Some End of Year Optimism

by Jay Pestrichelli on August 30th, 2013

If you’ve been watching the financial news you have certainly heard on more than one occasion that September is the worst month for the equity markets.  So we thought we'd do a little digging and see what that actually meant.

What we found, going back to 195,0 was that September was indeed a negative month overall. Of the 63 years reviewed, the S&P 500 was higher in September only 28 times and lower 35 times. 55% decline rate didn’t really strike that much fear into me; so we dug a little deeper. The average gain in up years for September is 1.5% and the average loss in a down year is 2.0%. Again, the data wasn’t sending me rushing to pull the sell trigger.
If you’re the kind of investor that like to go against the herd, this seems like one of those opportunities. For the contrarian, getting long this market after a down August would seem enticing. If you did this and bucked the trend of “Sell in May and go away” you would have felt pretty smart this year.

Of the 28 times that September has been up since 1950, 13 (46%) of them have followed a lower August.  While those aren’t compelling odds, it’s not something to discourage the fortitude of any respectable contrarian (yes, I’m antagonizing here a little). Naturally, we’d recommend, as we always do, to hedge every investment and this is one nodifferent.
If you’d like to avoid the September valleys, you can use it as a barometer to read what happens the rest of the year.  Over time, October isn’t a particularly bad month. Since 1950 it has been up 37 times and down 26; a batting average of 58.7%. But what is more remarkable is that the 4th quarter (October through December) has been very strong. 49 out of 63 times (77.8%) the S&P has been higher from the end of September to the end of December.

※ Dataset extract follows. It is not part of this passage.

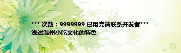 大家好,综合小编来为大家讲解下。*** 次数:9999999 已用完请联系开发者*** 浅述温州小吃文化的特色这个很多人还不知道,现在让我们一起来看看吧!

What is more impressive is that of the 28 times September has been an up month, 23 times (82%) October through December has also been higher. So historically speaking, if September is higher, then the odds favor additional growth from October through the end of the year.
We think this is the real history lesson and that September’s story has always been whether the Fed was going to taper or not. While that is still in play of course, the data that drove a lower August isn’t suggesting a reduction of bond buying in our near future. History tells us that the way we are currently set up, the chance for a higher September through the end of the year is greater than not.